Spoken Interaction Modeling for Automatic Assessment of Collaborative Learning
Collaborative learning is a key skill for student success, but simultaneous monitoring of multiple small groups is untenable for teachers. This study investigates whether automatic audio- based monitoring of interactions can predict collaboration quality. Data consist of hand-labeled 30-second segments from audio recordings of students as they collaborated on solving math problems. Two types of features were explored: speech activity features, which were computed at the group level; and prosodic features (pitch, energy, durational, and voice quality patterns), which were computed at the speaker level. For both feature types, normalized and unnormalized versions were investigated; the latter facilitate real-time processing applications. Results using boosting classifiers, evaluated by F-measure and accuracy, reveal that (1) both speech activity and prosody features predict quality far beyond chance using majority-class approach; (2) speech activity features are the better predictors overall, but class performance using prosody shows potential synergies; and (3) it may not be necessary to session-normalize features by speaker.

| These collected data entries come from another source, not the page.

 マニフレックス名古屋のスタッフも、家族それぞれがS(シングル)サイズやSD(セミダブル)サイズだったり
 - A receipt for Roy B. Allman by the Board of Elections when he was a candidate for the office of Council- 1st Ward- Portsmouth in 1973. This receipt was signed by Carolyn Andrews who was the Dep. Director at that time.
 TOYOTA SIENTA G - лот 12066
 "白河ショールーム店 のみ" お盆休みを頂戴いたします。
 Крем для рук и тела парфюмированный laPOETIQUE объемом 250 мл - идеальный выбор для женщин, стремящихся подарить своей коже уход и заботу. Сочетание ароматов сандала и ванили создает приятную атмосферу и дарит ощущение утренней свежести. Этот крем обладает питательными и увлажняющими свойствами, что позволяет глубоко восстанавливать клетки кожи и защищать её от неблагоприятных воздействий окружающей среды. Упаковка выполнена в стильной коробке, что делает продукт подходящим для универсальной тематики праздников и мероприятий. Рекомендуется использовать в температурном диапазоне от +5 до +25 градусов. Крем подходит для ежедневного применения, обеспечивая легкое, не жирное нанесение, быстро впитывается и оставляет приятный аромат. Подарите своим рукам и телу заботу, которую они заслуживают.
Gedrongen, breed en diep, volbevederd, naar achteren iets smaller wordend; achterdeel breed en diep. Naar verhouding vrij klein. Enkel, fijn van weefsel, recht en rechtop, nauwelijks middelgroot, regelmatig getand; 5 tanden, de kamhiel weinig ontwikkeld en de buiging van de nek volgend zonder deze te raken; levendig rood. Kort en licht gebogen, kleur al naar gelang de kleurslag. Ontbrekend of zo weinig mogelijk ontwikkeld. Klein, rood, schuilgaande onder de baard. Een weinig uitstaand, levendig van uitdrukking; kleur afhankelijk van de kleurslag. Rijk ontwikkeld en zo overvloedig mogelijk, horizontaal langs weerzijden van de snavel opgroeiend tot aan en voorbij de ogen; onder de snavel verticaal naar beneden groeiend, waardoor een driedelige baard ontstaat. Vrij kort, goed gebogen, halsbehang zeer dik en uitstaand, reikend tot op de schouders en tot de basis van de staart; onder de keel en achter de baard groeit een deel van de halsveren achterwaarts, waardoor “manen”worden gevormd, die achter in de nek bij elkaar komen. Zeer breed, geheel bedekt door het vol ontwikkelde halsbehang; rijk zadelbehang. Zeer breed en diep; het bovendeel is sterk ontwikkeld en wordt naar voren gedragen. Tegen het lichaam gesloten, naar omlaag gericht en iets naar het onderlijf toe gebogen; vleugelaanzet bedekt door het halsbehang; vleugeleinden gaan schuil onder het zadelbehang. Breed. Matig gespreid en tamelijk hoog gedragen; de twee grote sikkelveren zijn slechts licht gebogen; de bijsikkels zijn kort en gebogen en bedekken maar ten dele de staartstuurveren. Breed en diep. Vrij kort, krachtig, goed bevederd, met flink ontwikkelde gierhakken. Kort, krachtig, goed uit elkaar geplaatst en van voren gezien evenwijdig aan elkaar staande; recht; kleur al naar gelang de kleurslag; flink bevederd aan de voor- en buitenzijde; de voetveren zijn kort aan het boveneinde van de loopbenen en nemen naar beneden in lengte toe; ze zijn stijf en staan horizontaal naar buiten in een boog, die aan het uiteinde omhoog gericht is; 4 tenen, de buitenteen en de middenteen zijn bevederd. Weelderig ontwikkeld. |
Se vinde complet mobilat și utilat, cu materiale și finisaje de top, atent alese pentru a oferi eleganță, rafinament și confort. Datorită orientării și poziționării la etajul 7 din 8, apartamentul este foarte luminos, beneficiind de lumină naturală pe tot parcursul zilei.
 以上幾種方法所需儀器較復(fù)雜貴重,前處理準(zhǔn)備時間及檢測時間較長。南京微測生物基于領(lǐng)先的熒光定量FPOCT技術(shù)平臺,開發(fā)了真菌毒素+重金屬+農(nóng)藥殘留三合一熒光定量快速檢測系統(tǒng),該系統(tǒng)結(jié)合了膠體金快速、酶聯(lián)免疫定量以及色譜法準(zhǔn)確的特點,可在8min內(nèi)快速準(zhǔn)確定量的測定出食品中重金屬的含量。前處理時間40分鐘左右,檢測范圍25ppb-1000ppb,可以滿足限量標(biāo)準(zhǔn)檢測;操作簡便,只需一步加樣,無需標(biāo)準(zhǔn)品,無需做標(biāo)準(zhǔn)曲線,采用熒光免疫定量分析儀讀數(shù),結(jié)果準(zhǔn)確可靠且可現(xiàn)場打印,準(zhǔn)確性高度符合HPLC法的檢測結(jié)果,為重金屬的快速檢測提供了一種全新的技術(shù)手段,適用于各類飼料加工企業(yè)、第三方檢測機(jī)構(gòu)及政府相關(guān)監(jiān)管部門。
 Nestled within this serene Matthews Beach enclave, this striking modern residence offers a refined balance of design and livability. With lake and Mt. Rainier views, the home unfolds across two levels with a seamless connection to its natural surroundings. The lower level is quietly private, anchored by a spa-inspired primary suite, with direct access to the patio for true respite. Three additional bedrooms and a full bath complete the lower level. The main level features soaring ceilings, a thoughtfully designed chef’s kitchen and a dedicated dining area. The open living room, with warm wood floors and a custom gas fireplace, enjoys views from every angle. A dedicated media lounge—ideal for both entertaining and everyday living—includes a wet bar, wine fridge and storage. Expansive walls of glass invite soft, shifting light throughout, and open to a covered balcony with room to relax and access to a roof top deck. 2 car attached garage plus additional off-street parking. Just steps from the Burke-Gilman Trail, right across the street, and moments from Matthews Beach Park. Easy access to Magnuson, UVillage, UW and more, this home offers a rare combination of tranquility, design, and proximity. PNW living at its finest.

These novel results have impact for educational settings, where the approach could support teachers in the monitoring of group dynamics, diagnosis of issues, and development of pedagogical intervention plans.
Prediction of heart rate changes from speech features during interaction with a misbehaving dialog system
Most research on detecting a speaker’s cognitive state when interacting with a dialog system has been based on selfreports, or on hand-coded subjective judgments based on audio or audio-visual observations. This study examines two questions: (1) how do undesirable system responses affect people physiologically, and (2) to what extent can we predict physiological changes from the speech signal alone? To address these questions, we use a new corpus of simultaneous speech and high-quality physiological recordings in the product returns domain (the SRI BioFrustration Corpus). “Triggers” were used to frustrate users at specific times during the interaction to produce emotional responses at similar times during the experiment across participants. For each of eight return tasks per participant, we compared speaker-normalized pre-trigger (cooperative system behavior) regions to posttrigger (uncooperative system behavior) regions. Results using random forest classifiers show that changes in spectral and
temporal features of speech can predict heart rate changes with an accuracy of ~70%. Implications for future research and applications are discussed.